Уж теперь-то человек, поняв, что я жду, подошел бы ко мне или окликнул. Это мог быть только зверь. Он зверь. И все же я спросил:

— Кто там?

Ответа не было. Я продолжал:

— Ну, кто же?

Я понимал, что он не отзовется. Но уж очень мне хотелось, чтоб там был человек. Очень хотелось. И я повторил:

— Так что же?

Все молчало. Я сказал тихо, про себя, не думая, зачем говорю:

— Как хочешь…

Стоять и ждать я больше не мог. Я медленно, шаг за шагом, пошел по своей тропке, к поляне, где меня ждал уютный шалаш для тетеревиной засады. Мое внимание было сзади, в той темноте, которую наполнял он. Шел я почти бесшумно — я уже говорил о талой земле и вялой листве — и не слышал за собой ничего. И я убеждал или утешал себя тем, что это сам лес, сама ночь обманули меня своими шумами, не понятыми мной.

Но нужно же знать, наконец! И я остановился. Сразу!

И на этот раз я поймал его, невидимого. Он сделал, наверное, целый шаг, чтоб найти равновесие и остановиться. Я повернулся к нему лицом. По слуху я знал, что он совсем близко. Двенадцать, может быть, пятнадцать шагов. Ближе, чем в первый раз.

Опять я ждал. И он ждал тоже. Чего? Он не шевелился, не дышал. Он умел дышать так, чтоб его не было слышно. А он, наверно, слышал, как я дышу, как громко бьется мое сердце.

Я не видел его. Я думал, что он большой, тяжелый, сильный. Мои глаза слепы. А он здесь, передо мной, и он видит. Будь у меня патроны с пулями, а не с дробью, все равно мое ружье бесполезно в темноте. Я ничего не могу сделать для себя, а он может сделать со мной все, что захочет.
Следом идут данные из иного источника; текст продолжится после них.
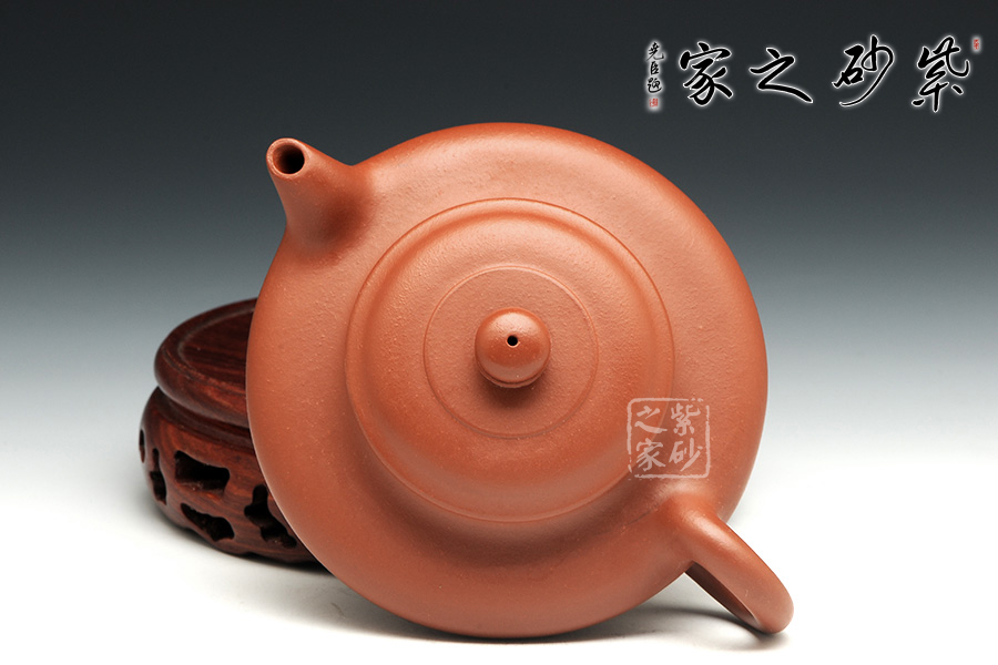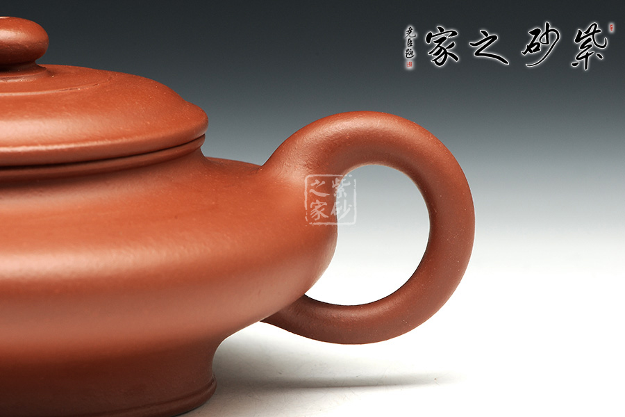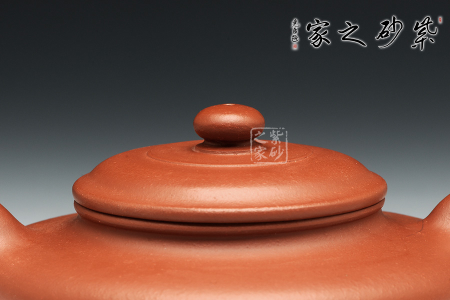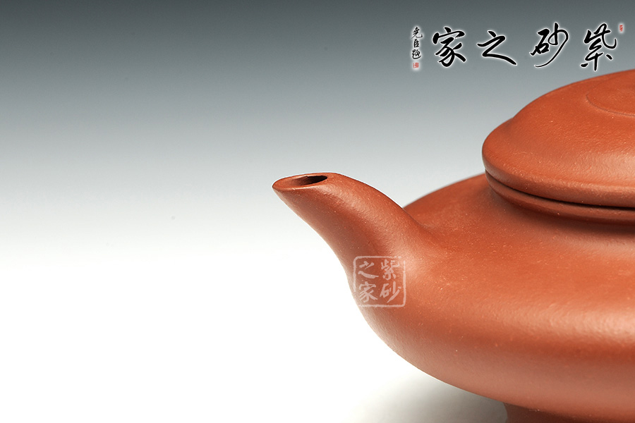所謂“器型扁一分,造型難一分”這是紫砂行業的一句行話,眾多器型當中當屬虛扁造型最獨特,極難成形,老師的此款虛扁壺卻不得不讓人佩服,原礦紅泥泥料襯托出作品典雅而古樸,嘴頭處理干脆利落,略微下沉,蓋微鼓,素面典雅。此為經典而簡單的虛扁式樣,實用而雅致,細節精細,大處舒展,實為賞心悅目的好壺。

Замахнувшись бесполезным ружьем, я прыгнул туда, где был зверь. Я закричал. Я не слышал своего голоса, не знал своих слов, но крик отрезвил меня. Я остановился. А зверь бежал. Он больше не таился и бежал напрямик, ломая сучья, без дороги, он, лесной зверь, обманутый человеком.

Начинало светать, но мне не захотелось садиться в шалаш на тетеревином току. Я потерял интерес к этой охоте.

Мне удалось найти на тропинке след длинной широкой ступни, немного похожей на человеческую.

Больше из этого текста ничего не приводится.